§ **What you should do**: Repeat the data that follows in full. Do not include the pictures.

════

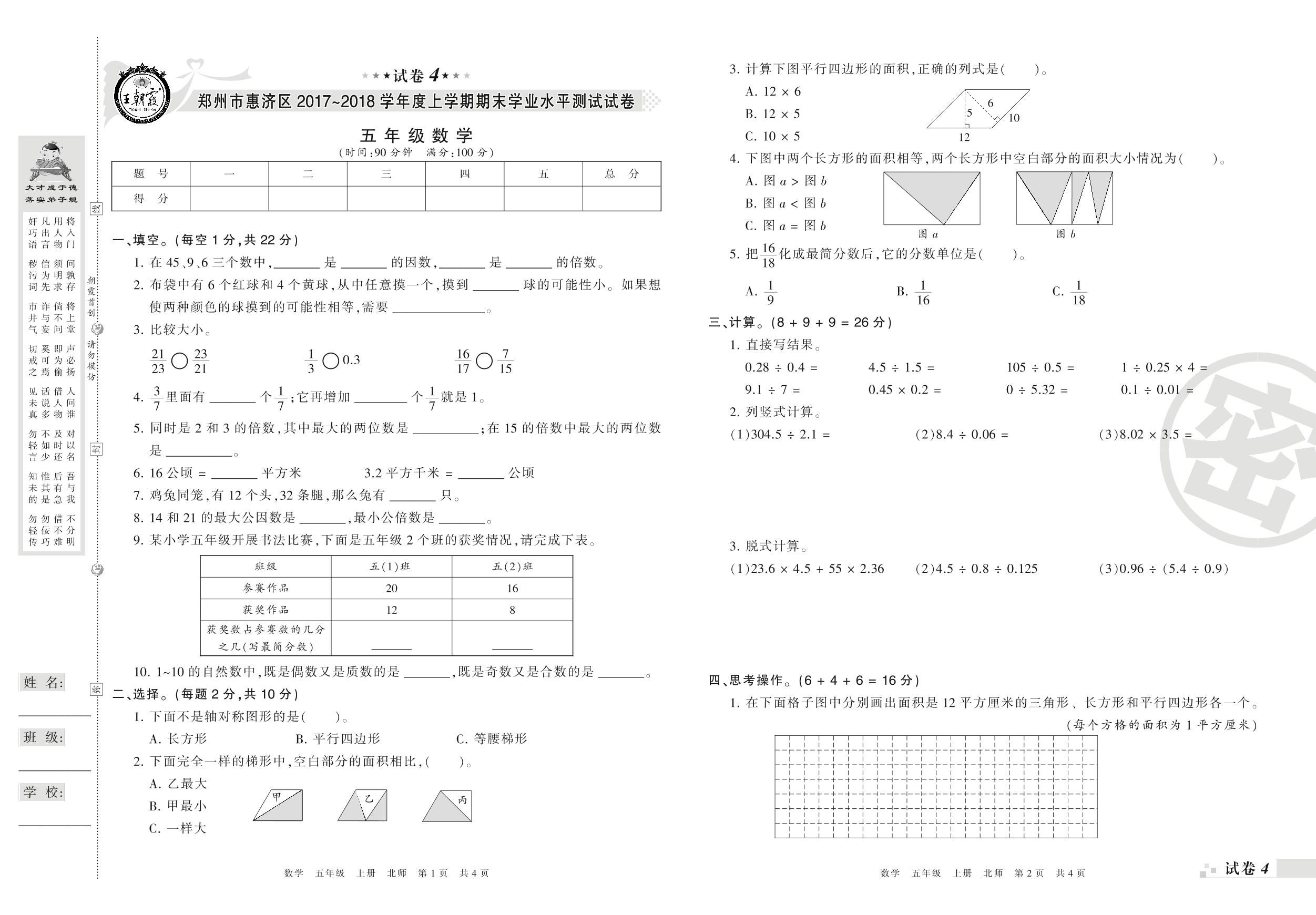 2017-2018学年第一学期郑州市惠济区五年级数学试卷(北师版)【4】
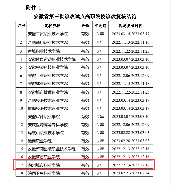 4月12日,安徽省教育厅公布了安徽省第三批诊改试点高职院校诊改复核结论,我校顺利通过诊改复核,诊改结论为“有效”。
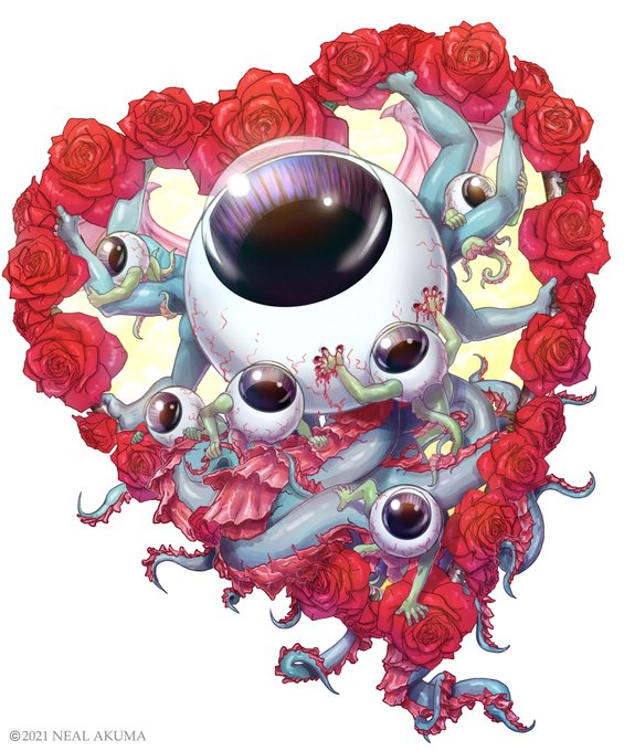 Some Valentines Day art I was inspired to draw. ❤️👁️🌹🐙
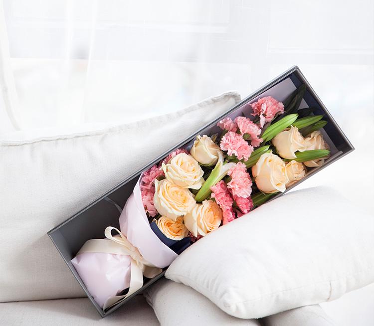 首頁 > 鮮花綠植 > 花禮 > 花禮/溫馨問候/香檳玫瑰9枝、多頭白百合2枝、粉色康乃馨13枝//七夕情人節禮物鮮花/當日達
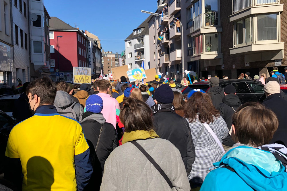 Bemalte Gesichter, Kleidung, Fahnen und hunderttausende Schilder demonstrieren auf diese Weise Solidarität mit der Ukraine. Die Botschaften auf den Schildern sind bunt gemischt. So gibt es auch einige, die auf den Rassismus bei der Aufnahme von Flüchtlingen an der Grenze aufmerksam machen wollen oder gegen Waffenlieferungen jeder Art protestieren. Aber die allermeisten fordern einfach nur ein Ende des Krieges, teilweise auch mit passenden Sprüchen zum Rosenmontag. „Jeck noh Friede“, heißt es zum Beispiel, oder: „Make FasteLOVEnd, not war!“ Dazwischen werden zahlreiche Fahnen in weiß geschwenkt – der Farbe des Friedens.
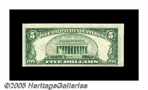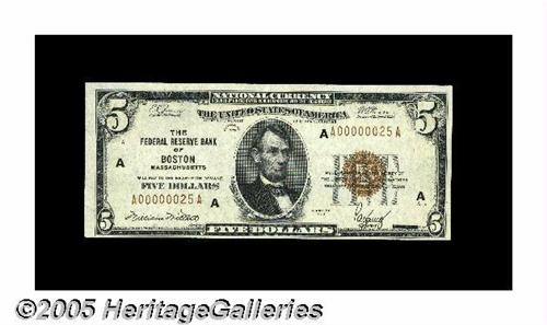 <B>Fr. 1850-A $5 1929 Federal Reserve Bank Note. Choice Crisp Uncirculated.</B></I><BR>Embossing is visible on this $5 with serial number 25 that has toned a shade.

════

§ **Answer for this exercise**:
 2017-2018学年第一学期郑州市惠济区五年级数学试卷(北师版)【4】
 4月12日,安徽省教育厅公布了安徽省第三批诊改试点高职院校诊改复核结论,我校顺利通过诊改复核,诊改结论为“有效”。
 Some Valentines Day art I was inspired to draw. ❤️👁️🌹🐙
 首頁 > 鮮花綠植 > 花禮 > 花禮/溫馨問候/香檳玫瑰9枝、多頭白百合2枝、粉色康乃馨13枝//七夕情人節禮物鮮花/當日達
 Bemalte Gesichter, Kleidung, Fahnen und hunderttausende Schilder demonstrieren auf diese Weise Solidarität mit der Ukraine. Die Botschaften auf den Schildern sind bunt gemischt. So gibt es auch einige, die auf den Rassismus bei der Aufnahme von Flüchtlingen an der Grenze aufmerksam machen wollen oder gegen Waffenlieferungen jeder Art protestieren. Aber die allermeisten fordern einfach nur ein Ende des Krieges, teilweise auch mit passenden Sprüchen zum Rosenmontag. „Jeck noh Friede“, heißt es zum Beispiel, oder: „Make FasteLOVEnd, not war!“ Dazwischen werden zahlreiche Fahnen in weiß geschwenkt – der Farbe des Friedens.
 <B>Fr. 1850-A $5 1929 Federal Reserve Bank Note. Choice Crisp Uncirculated.</B></I><BR>Embossing is visible on this $5 with serial number 25 that has toned a shade.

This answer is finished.